• [TASK INPUT]:
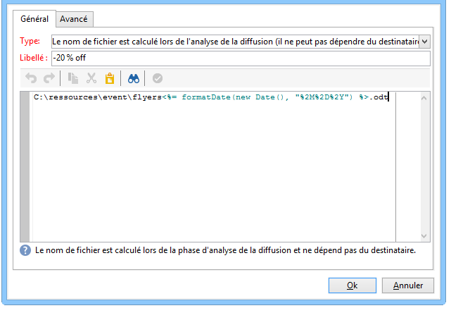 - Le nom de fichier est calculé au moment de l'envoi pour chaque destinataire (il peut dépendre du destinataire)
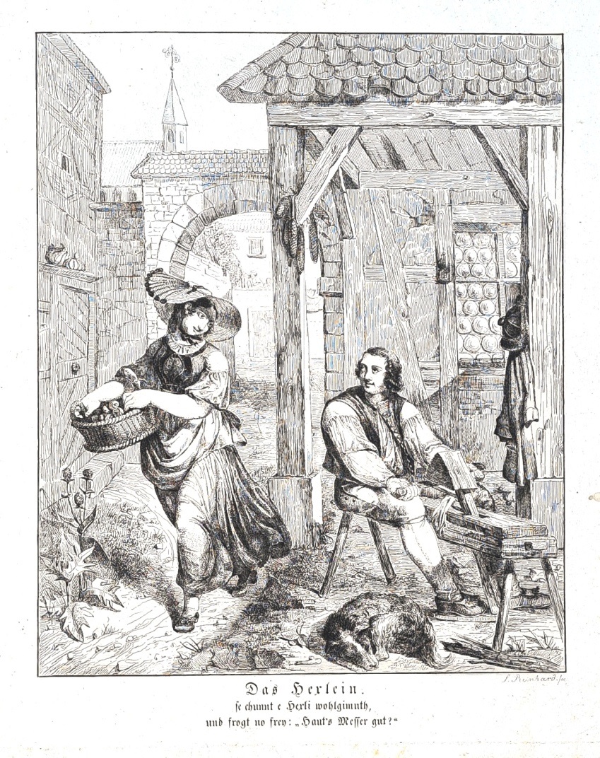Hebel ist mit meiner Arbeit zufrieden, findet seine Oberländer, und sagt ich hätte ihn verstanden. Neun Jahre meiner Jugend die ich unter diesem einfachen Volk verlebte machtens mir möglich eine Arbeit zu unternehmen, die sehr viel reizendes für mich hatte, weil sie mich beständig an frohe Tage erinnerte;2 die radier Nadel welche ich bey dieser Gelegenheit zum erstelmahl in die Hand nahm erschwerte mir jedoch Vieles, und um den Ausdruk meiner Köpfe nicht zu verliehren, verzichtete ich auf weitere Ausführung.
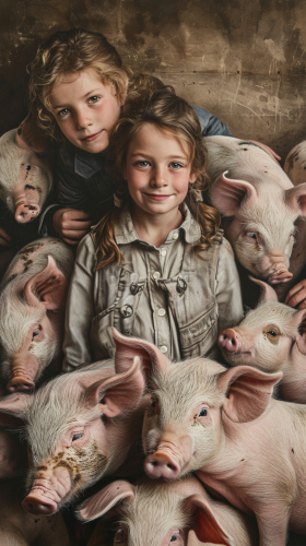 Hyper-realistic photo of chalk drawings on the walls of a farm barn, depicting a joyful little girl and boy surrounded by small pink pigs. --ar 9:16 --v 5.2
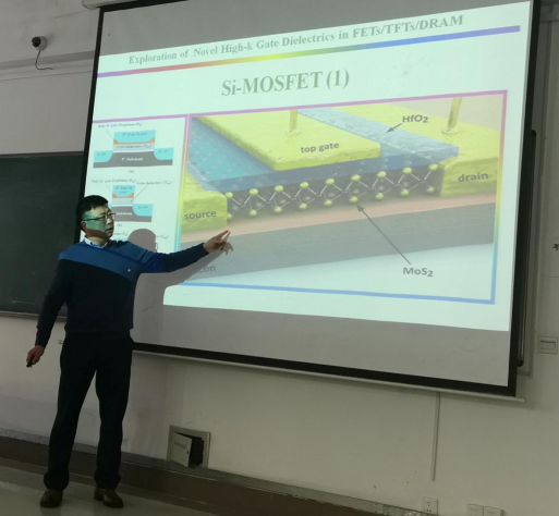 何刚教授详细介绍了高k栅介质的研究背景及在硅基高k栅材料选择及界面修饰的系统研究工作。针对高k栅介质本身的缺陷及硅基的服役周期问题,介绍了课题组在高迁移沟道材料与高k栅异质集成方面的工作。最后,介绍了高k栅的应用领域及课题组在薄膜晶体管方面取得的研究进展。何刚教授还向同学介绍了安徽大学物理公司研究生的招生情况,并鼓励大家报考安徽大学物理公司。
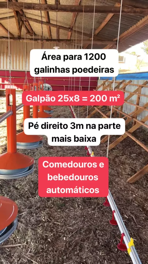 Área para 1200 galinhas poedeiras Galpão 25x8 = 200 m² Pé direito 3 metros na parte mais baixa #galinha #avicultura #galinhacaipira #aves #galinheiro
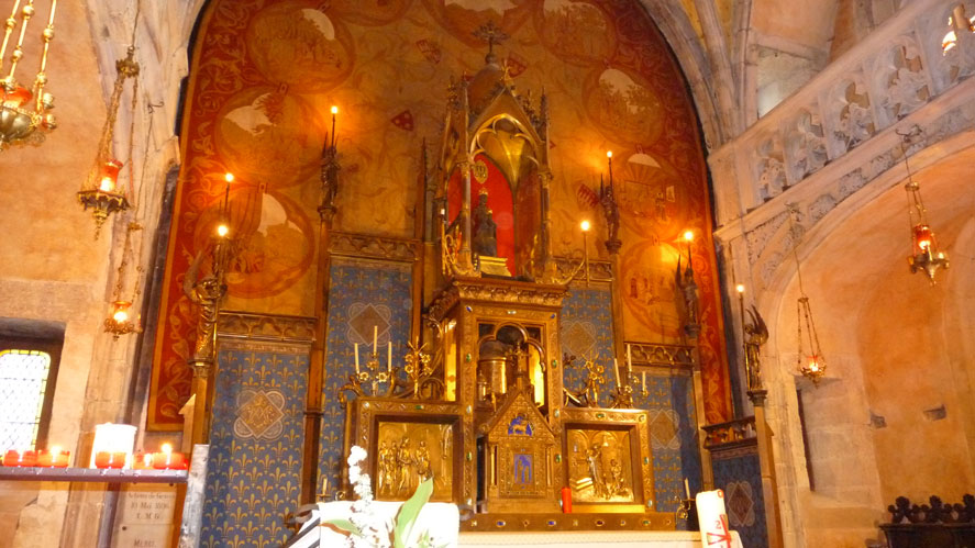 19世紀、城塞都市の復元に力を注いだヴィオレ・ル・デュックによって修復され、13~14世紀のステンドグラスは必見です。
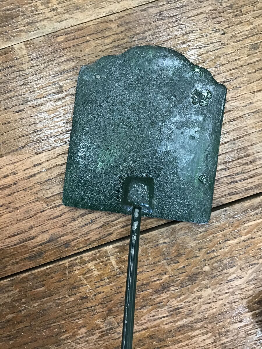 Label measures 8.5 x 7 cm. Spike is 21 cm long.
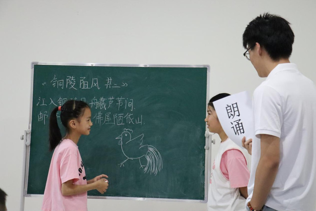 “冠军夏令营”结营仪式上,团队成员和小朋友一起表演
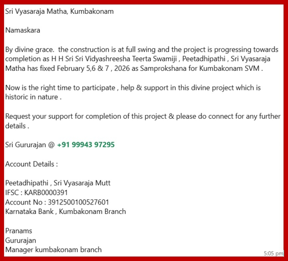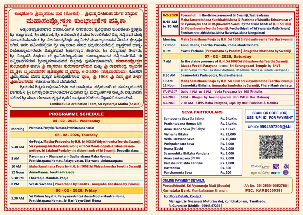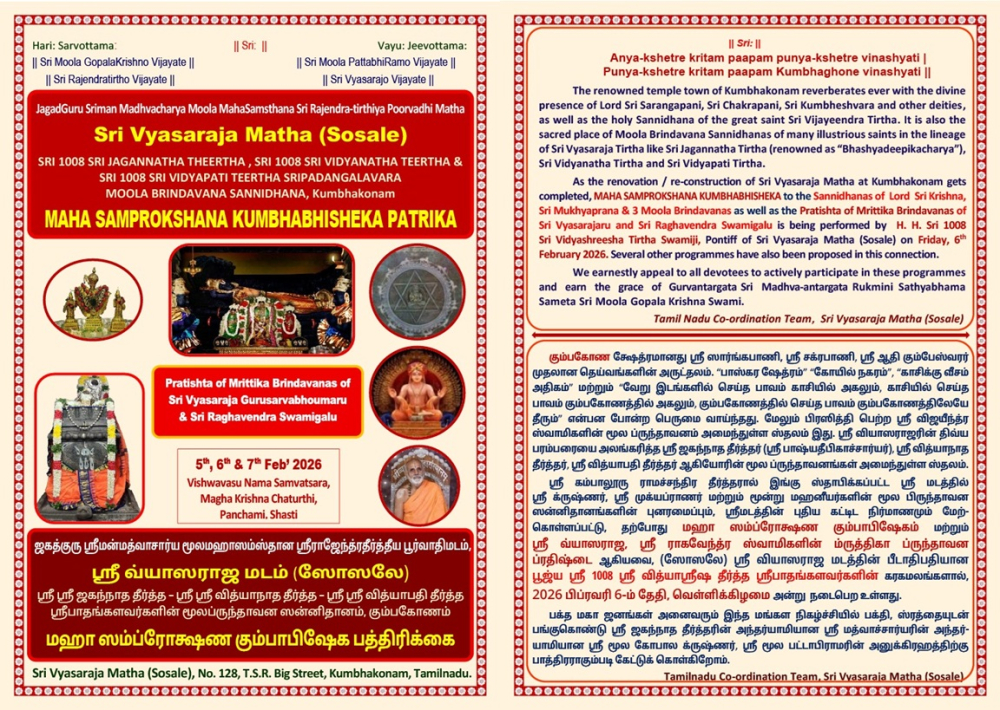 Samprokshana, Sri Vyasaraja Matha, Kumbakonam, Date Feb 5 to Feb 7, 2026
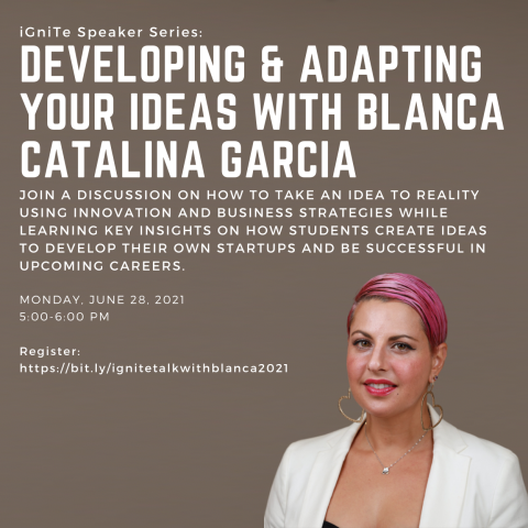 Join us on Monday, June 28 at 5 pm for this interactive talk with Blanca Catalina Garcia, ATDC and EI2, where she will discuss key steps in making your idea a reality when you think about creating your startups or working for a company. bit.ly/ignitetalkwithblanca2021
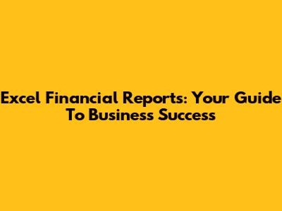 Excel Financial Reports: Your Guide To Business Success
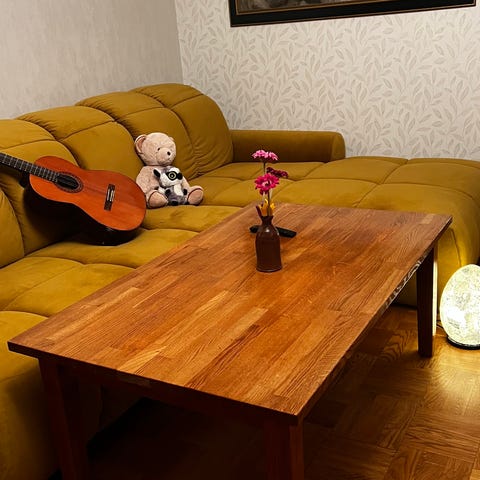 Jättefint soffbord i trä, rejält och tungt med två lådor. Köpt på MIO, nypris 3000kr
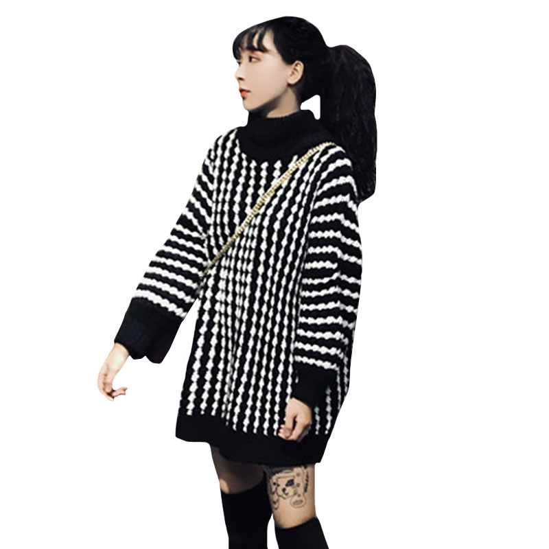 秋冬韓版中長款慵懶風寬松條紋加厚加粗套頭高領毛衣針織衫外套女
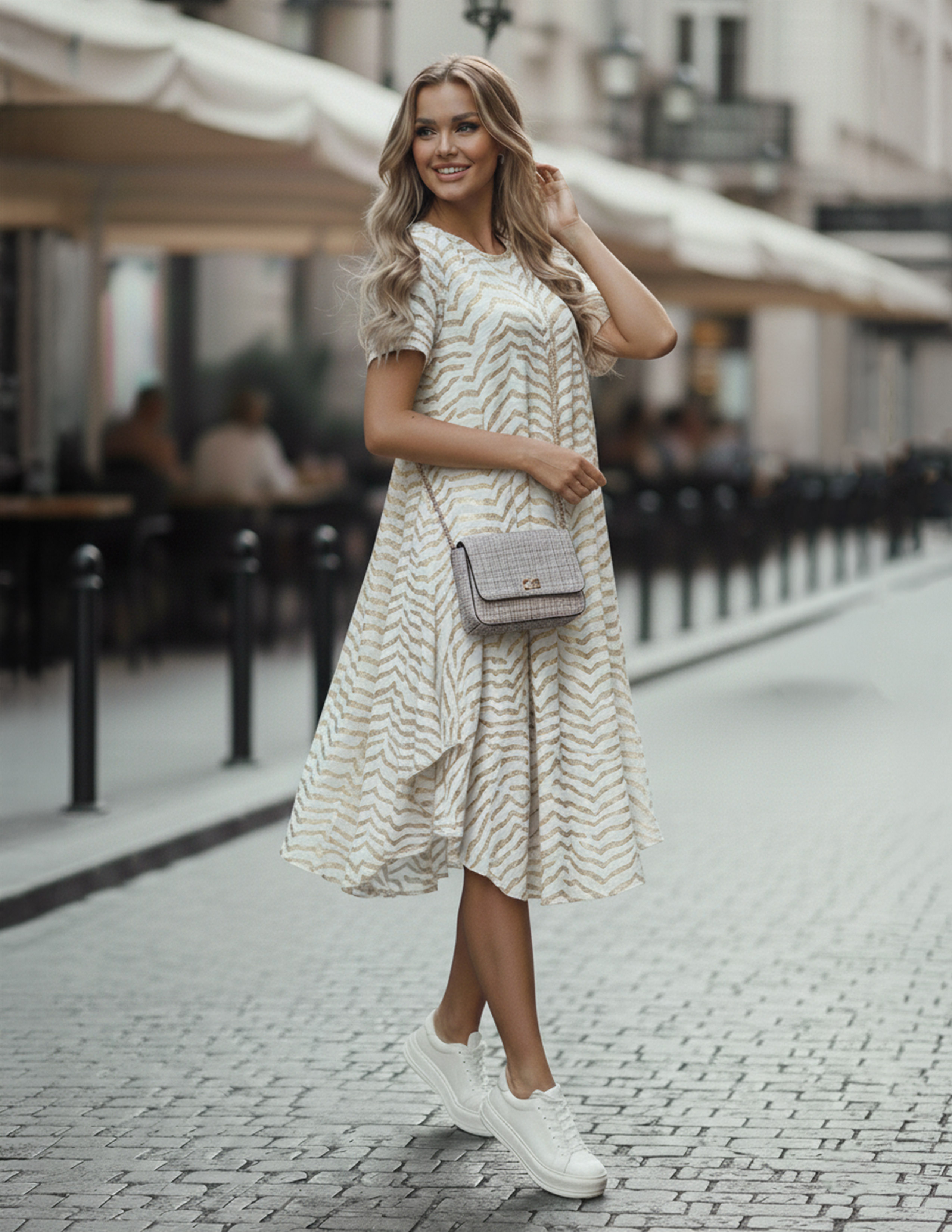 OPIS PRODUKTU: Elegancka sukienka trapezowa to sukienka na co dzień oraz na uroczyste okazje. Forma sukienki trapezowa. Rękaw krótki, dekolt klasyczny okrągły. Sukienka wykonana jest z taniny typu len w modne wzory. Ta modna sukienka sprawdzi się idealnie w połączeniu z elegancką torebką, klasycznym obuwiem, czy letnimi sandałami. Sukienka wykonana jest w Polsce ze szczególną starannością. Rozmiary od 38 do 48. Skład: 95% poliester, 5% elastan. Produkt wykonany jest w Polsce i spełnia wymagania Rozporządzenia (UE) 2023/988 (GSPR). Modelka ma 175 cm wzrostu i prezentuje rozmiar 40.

• [REQUIRED WORK]: The entries above are to be reproduced exactly, with the pictures dropped.

• [REPLY]:
 - Le nom de fichier est calculé au moment de l'envoi pour chaque destinataire (il peut dépendre du destinataire)
Hebel ist mit meiner Arbeit zufrieden, findet seine Oberländer, und sagt ich hätte ihn verstanden. Neun Jahre meiner Jugend die ich unter diesem einfachen Volk verlebte machtens mir möglich eine Arbeit zu unternehmen, die sehr viel reizendes für mich hatte, weil sie mich beständig an frohe Tage erinnerte;2 die radier Nadel welche ich bey dieser Gelegenheit zum erstelmahl in die Hand nahm erschwerte mir jedoch Vieles, und um den Ausdruk meiner Köpfe nicht zu verliehren, verzichtete ich auf weitere Ausführung.
 Hyper-realistic photo of chalk drawings on the walls of a farm barn, depicting a joyful little girl and boy surrounded by small pink pigs. --ar 9:16 --v 5.2
 何刚教授详细介绍了高k栅介质的研究背景及在硅基高k栅材料选择及界面修饰的系统研究工作。针对高k栅介质本身的缺陷及硅基的服役周期问题,介绍了课题组在高迁移沟道材料与高k栅异质集成方面的工作。最后,介绍了高k栅的应用领域及课题组在薄膜晶体管方面取得的研究进展。何刚教授还向同学介绍了安徽大学物理公司研究生的招生情况,并鼓励大家报考安徽大学物理公司。
 Área para 1200 galinhas poedeiras Galpão 25x8 = 200 m² Pé direito 3 metros na parte mais baixa #galinha #avicultura #galinhacaipira #aves #galinheiro
 19世紀、城塞都市の復元に力を注いだヴィオレ・ル・デュックによって修復され、13~14世紀のステンドグラスは必見です。
 Label measures 8.5 x 7 cm. Spike is 21 cm long.
 “冠军夏令营”结营仪式上,团队成员和小朋友一起表演
 Samprokshana, Sri Vyasaraja Matha, Kumbakonam, Date Feb 5 to Feb 7, 2026
 Join us on Monday, June 28 at 5 pm for this interactive talk with Blanca Catalina Garcia, ATDC and EI2, where she will discuss key steps in making your idea a reality when you think about creating your startups or working for a company. bit.ly/ignitetalkwithblanca2021
 Excel Financial Reports: Your Guide To Business Success
 Jättefint soffbord i trä, rejält och tungt med två lådor. Köpt på MIO, nypris 3000kr
 秋冬韓版中長款慵懶風寬松條紋加厚加粗套頭高領毛衣針織衫外套女
 OPIS PRODUKTU: Elegancka sukienka trapezowa to sukienka na co dzień oraz na uroczyste okazje. Forma sukienki trapezowa. Rękaw krótki, dekolt klasyczny okrągły. Sukienka wykonana jest z taniny typu len w modne wzory. Ta modna sukienka sprawdzi się idealnie w połączeniu z elegancką torebką, klasycznym obuwiem, czy letnimi sandałami. Sukienka wykonana jest w Polsce ze szczególną starannością. Rozmiary od 38 do 48. Skład: 95% poliester, 5% elastan. Produkt wykonany jest w Polsce i spełnia wymagania Rozporządzenia (UE) 2023/988 (GSPR). Modelka ma 175 cm wzrostu i prezentuje rozmiar 40.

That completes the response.